The important detail is that I have exams in the university until 16th June. After that I will be ready to work on the project.
References:
[1] Lawrence R. Rabiner (February 1989). "A tutorial on Hidden Markov Models and selected applications in speech recognition". Proceedings of the IEEE 77 (2): 257286. doi:10.1109/5.18626.
[2] Adjusted Viterbi Training. A proof of concept.
[3] http://citeseerx.ist.psu.edu/viewdoc/download?doi=10.1.1.118.2081&rep=rep1&type=pdf
[4] http://www.cambridge.org/resources/0521882672/7934_kaeslin_dynpro_new.pdf
[5] http://www.kanungo.com/software/hmmtut.pdf
[6] http://ieeexplore.ieee.org/xpl/freeabs_all.jsp?arnumber=5470903
[7] http://www.scribd.com/doc/48568001/LazyViterbiSlides
[8] http://ieeexplore.ieee.org/xpl/freeabs_all.jsp?arnumber=1040367
Sorry for the kind of delay, I was sick and could not work on the project. Now I'm catching up on the lost time heatedly. Here is the repository with changes I made while working on the project: https://github.com/sbos/mahout
Here's the notes on what I'd done:
1) during this time I had two exams relevant to the project  machine learning and optimization methods. While preparing for them I thought about my project and found one important mistake  the O((T*L / N) / P) * K^2 + (((TN) * L / N)) / P * K^3) estimation is absolutely wrong!! It means, that if we perform "difficult processing" on chunks of total length N using P reducers, we will get O (N * K^3 / P), so the algorithm scales linearly. And if we set P=2N for example, we should get subN time. Actually, it's not true. No algorithm could process the entire sequence without just doing something on each element. So the time estimation for any such algorithm is max(O(N), O(...)). That means, that "difficult" case implementation is not reasonable and will just occupy the machines.

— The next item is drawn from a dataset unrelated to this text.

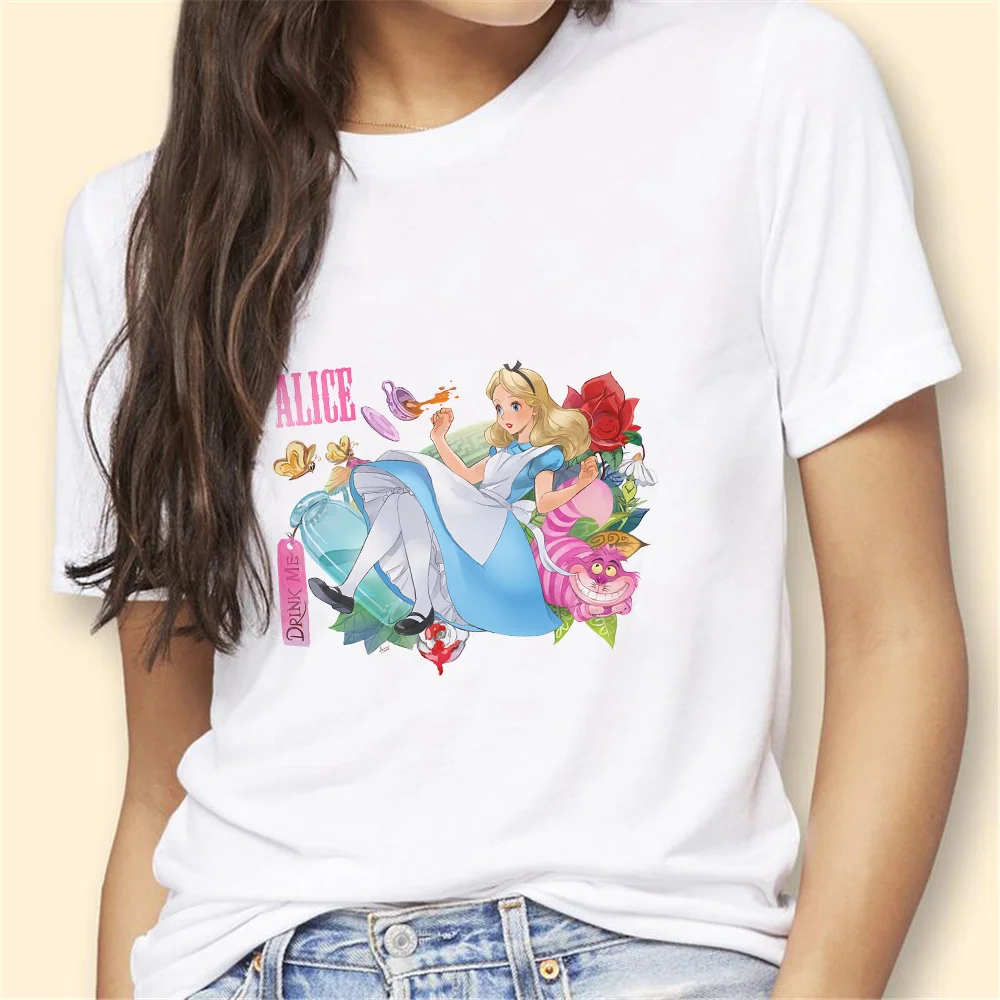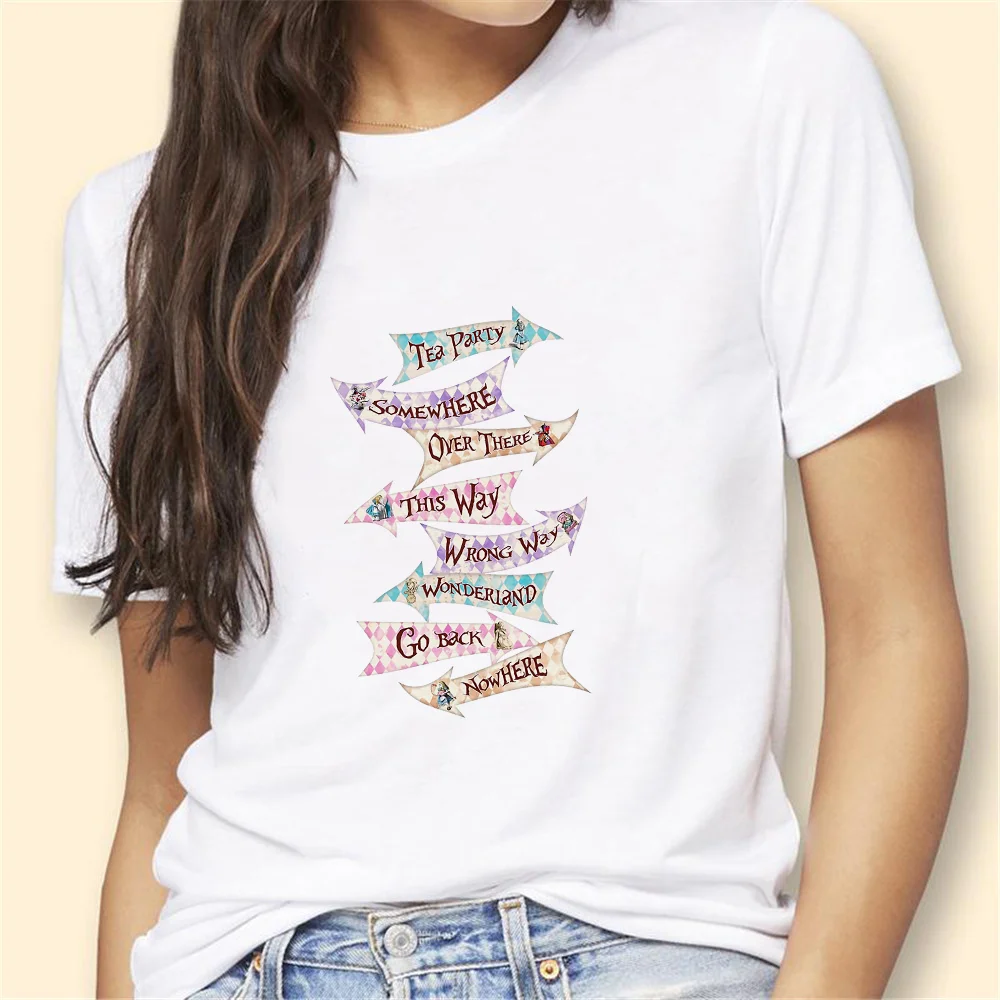 Женские футболки с коротким рукавом, повседневные свободные белые футболки с круглым вырезом и принтом Алиса в стране чудес, милые Мультяшные футболки, футболки с графическим рисунком, 80519
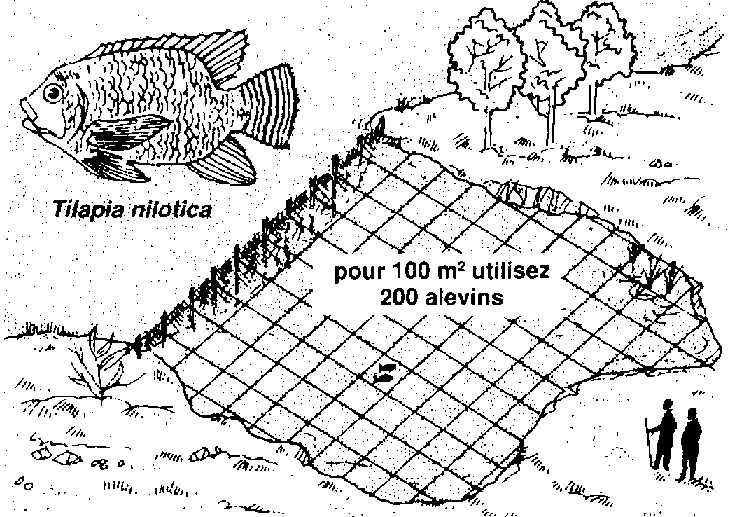 398 Si vous élevez Tilapia nilotica, il vous faudra mettre dans l'enclos deux alevins par mètre carré. Ainsi, si vous avez construit un petit enclos de 100 m², vous aurez besoin de 200 alevins.

2) at the same time I'd found this paper http://citeseerx.ist.psu.edu/viewdoc/summary?doi=10.1.1.159.8361 about paralleling Belief Propagation. It's a more general case analog of Viterbi for loopless Markov Random Fields. Here I found the strict proof of minimum running time and some algorithm for approximate segmentation called Residual Splash which scales linearly and allows to tradeoff between speed and accuracy. I think it will be very cool thing if there will be way to implement it in mapreduce instead of "difficult case". I'll think on it in background.
3) I'd implement a chunk processing utility (PrepareChunk class) in a way other Mahout tools implemented. It takes a set of input files/directories, splits them and writes into SequenceFiles, one for the each chunk processing phase.
4) I tried to initiate a communication with Dhruv to make our projects compatible at interface level and to share some experience in HMM, I hope it will be ok.
Here's the detailed chunk processing scheme now:
1) inputs are split into chunks as [(input_name, chunk_number), observations].
2) for each chunk number map the chunk data and the initial probability data which is formatted as [(input_name, chunk_number), probabilities]. Both observations and probabilities are instances of GenericViterbiData class to make them able to appear in one reduce flow.
3) reducer receives the (input_name, chunk_number), [observations, probabilities] and performs the forward algorithm on the observations with provided initial probabilities (which are taken the previous chunks) and emits (input_name, chunk_number+1), resulting probabilities. This output is saved in the input directory of the next chunk input data. Also it stores the optimal path matrix in the sequence files with the same keys somewhere.
4) after the last chunk was processed by forward algorithm, we may perform the backward algorithm by the same manner collecting the optimal path.
This scheme is much more effective than naive approach I described in the proposal. It reduces I/O and makes the algorithm be able to handle amounts of data that do not fit into memory. The only requirement is that chunk of desired size must fit.